Testing wise, a new support method on ElasticsearchIntegrationTest#waitForConcreteMappingsOnAll to allow to wait for the concrete manifestation of mappings on all relevant nodes is added. Some tests mistakenly rely on the fact that there are no more pending tasks to mean mappings have been updated, so if we see, timing related, failures down later (all tests pass), then those will need to be fixed to wither awaitBusy on the master for the new mapping, or in the rare case, wait for the concrete mapping on all the nodes using the new method.

Note, this change also removes action.wait_on_mapping_change, this is an internal setting, and is not recommended to set it. It was used using the old test infrastructure to validate if the problem was due to mapping propagation, but we have a much better infra for this now.

martijnvg · 2014-06-30T11:22:57Z

src/main/java/org/elasticsearch/cluster/action/index/MappingUpdatedAction.java

+     * and sent to master for heavy single index requests that each introduce a new mapping, and when
+     * multiple shards exists on the same nodes, allowing to work on the index level in this case.
+     */
+    private class MasterMappingUpdater extends Thread {


Can we implement Runnable instead of extending from Thread?

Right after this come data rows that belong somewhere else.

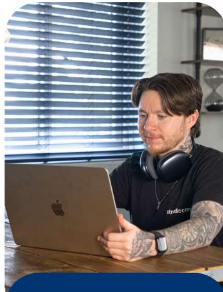
Web Design & Hosting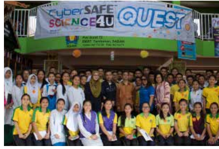
APR 29 Science 4U Carnival – Sabah Zone, Penampang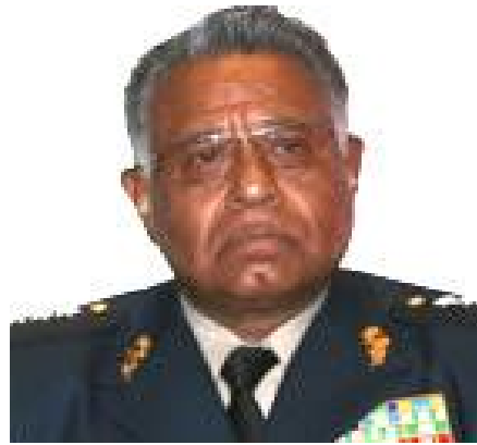
Mexico's Defense Secretary, General Guillermo Galván-Galván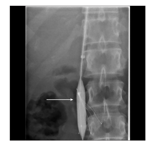
Figure 3: A 42-year-old lady presented with left lower limb deep vein thrombosis with large fibroid had retrievable Celect Platinum inferior vena cava (IVC) filter inserted preoperatively. Attempted IVC filter retrieval with filter re-alignment done using 12 \times 40 mm Mustang angioplasty balloon (arrow) which showed no significant improvement and retrieval was failed.

A 42-year-old lady presented with the left lower limb DVT with large fibroid planning for total laparoscopic abdominal hysterectomy had retrievable Celect Platinum IVC filter (Cook Medical, Bloomington, Ind.) inserted preoperatively.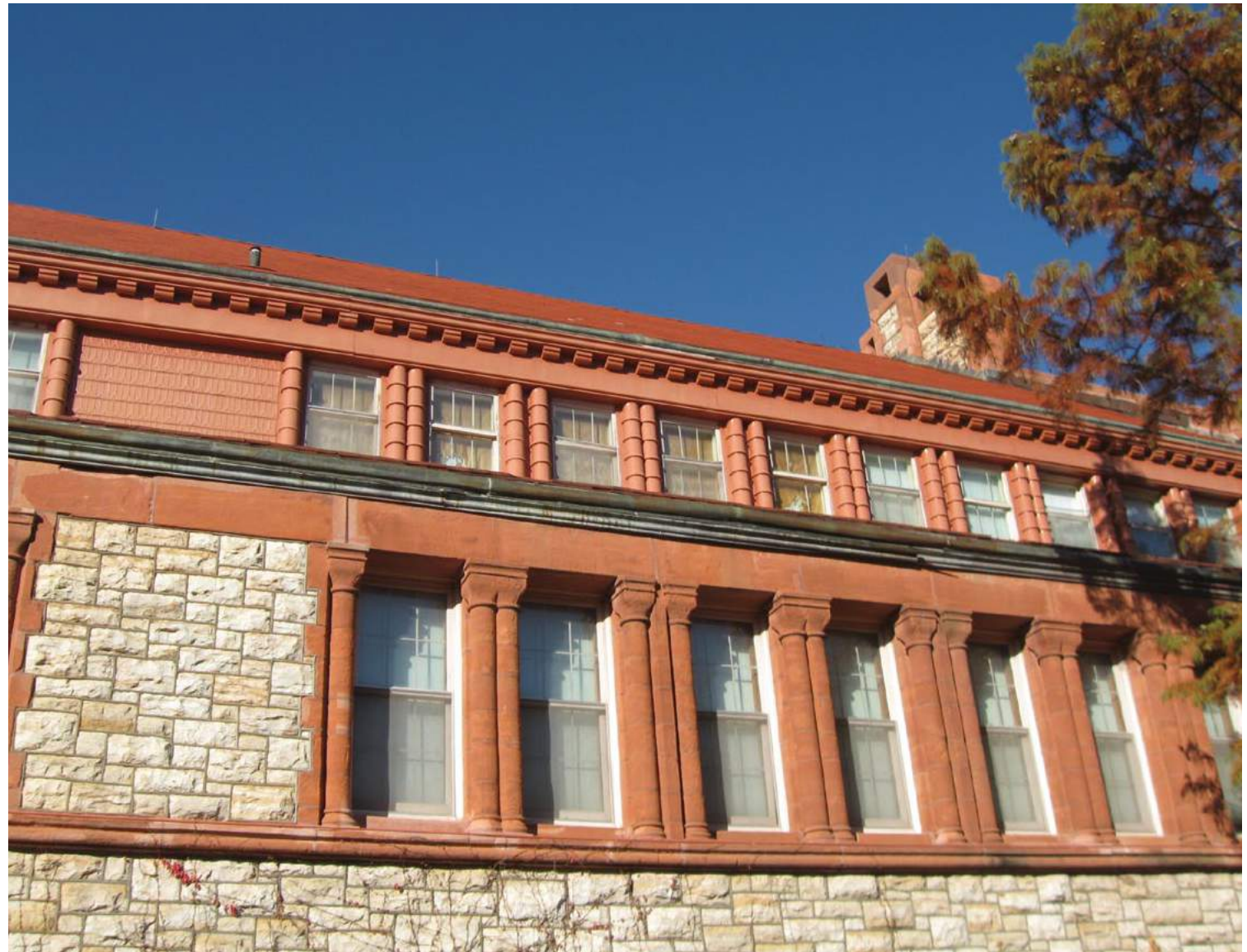
[6] Preliminary work before starting restoration revealed that the columns and the decorative shingles ornamenting the top floor of this historic building were fabricated of metal to imitate the red sandstone used elsewhere on the building.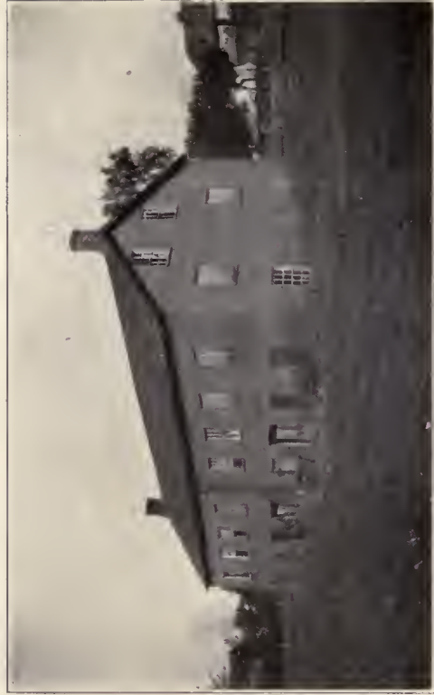
Old Colony Bakery and Brewery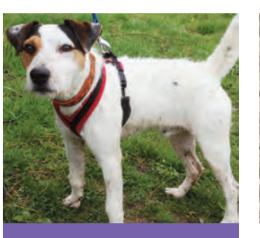
Jake We are looking for an experienced home without other dogs for this little Parsons Terrier Male | 2 years | Small/Medium

Potter Potter is a handsome golden crossbreed boy who is a very playful & affectionate young lad. Male | 1 year | Med/Large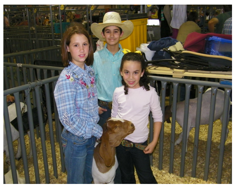
Jim Hogg County exhibitors at San Antonio Livestock Exposition

In 2008, the 4H program of Jim Hogg County consisted of one club with approximately 30 members and 8 registered adult leaders. Members participated in a number of different projects including: Food and Nutrition, Beef, Lambs, Swine and Goats. Shooting Sports was introduced for the first time in the form of the Archery project.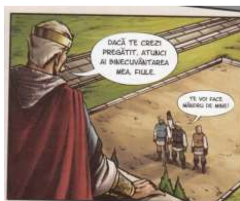
Fig. 2. Use of different font size to emphasize distance ( Harap Alb Continuă – Album)

There are panels which lack speech balloons, especially during action scenes, where speed forces the reader to supply the dialogue. Also, the shape of the panel frame or its absence is used not only as a stage for the action, but as a mean of involving the reader in the narrative, emphasizing the sensory dimension.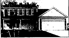
WONDERFUL SETTING at the end of a cut-de-sac overlooking downtown Rochester. Bay window dining room, family room with fireplace, three bedrooms, 2 1/2 baths, basement. A real jewel of a home. $149,900. (644-6300) 189905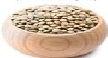
Green lentils ( Lens culinaris )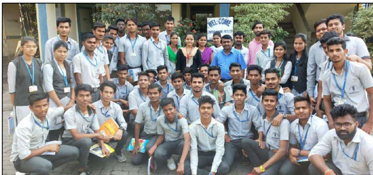
Sanika Chemicals Pvt. Ltd., Mahad

Our Second Year and Third Year Students visited to following industries: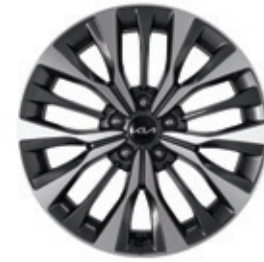
19-inch alloy wheels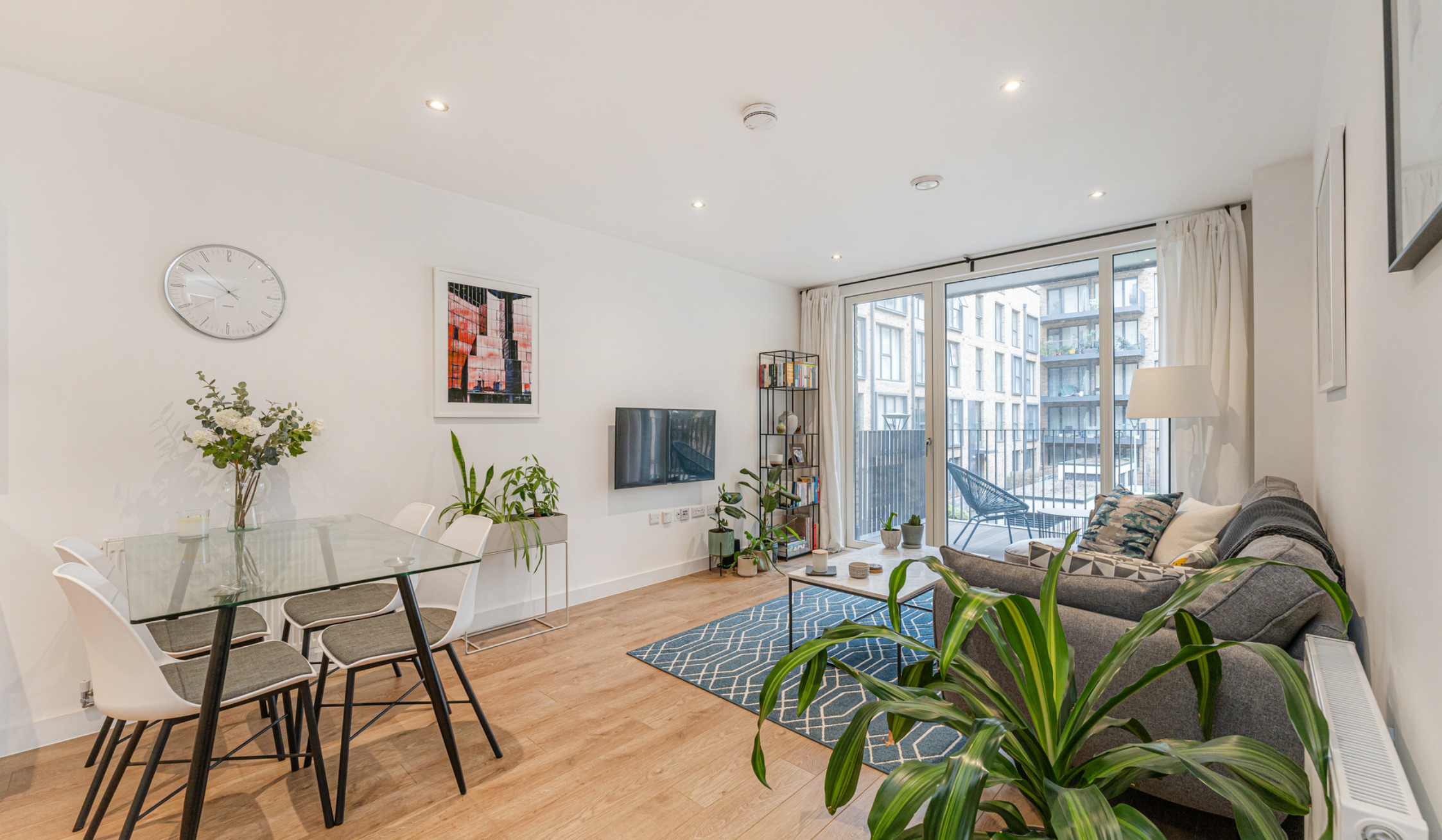
ASHLEY COURT E3 1 bedroom apartment

I thought about it, but then we need to have the runnable around, with the thread as variables. I like this encapsulation, I don't think extending Thread is such a bad idea for this case. Will switch if there is strong sentiment about it

martijnvg · 2014-06-30T11:43:16Z

Left two comments, this change looks good to me. Maybe someone else can also take a look?

bleskes · 2014-06-30T13:53:51Z

src/main/java/org/elasticsearch/node/internal/InternalNode.java

@@ -323,6 +324,8 @@ public void close() {
        stopWatch.stop().start("rivers");
        injector.getInstance(RiversManager.class).close();

+        stopWatch.stop().start("mapping");
+        injector.getInstance(MappingUpdatedAction.class).close();


I think it's safer to introduce a stop() method and call it in the stop phase as the masterMappingUpdater thread might try to speak to the cluster service which has been stopped, leading to errors & warning logs

bleskes · 2014-06-30T14:55:05Z

I went through the change. Bulk of it looks good. Left some minor comments. I also wonder if we should mark it as breaking because we removed the action.wait_on_mapping_change option.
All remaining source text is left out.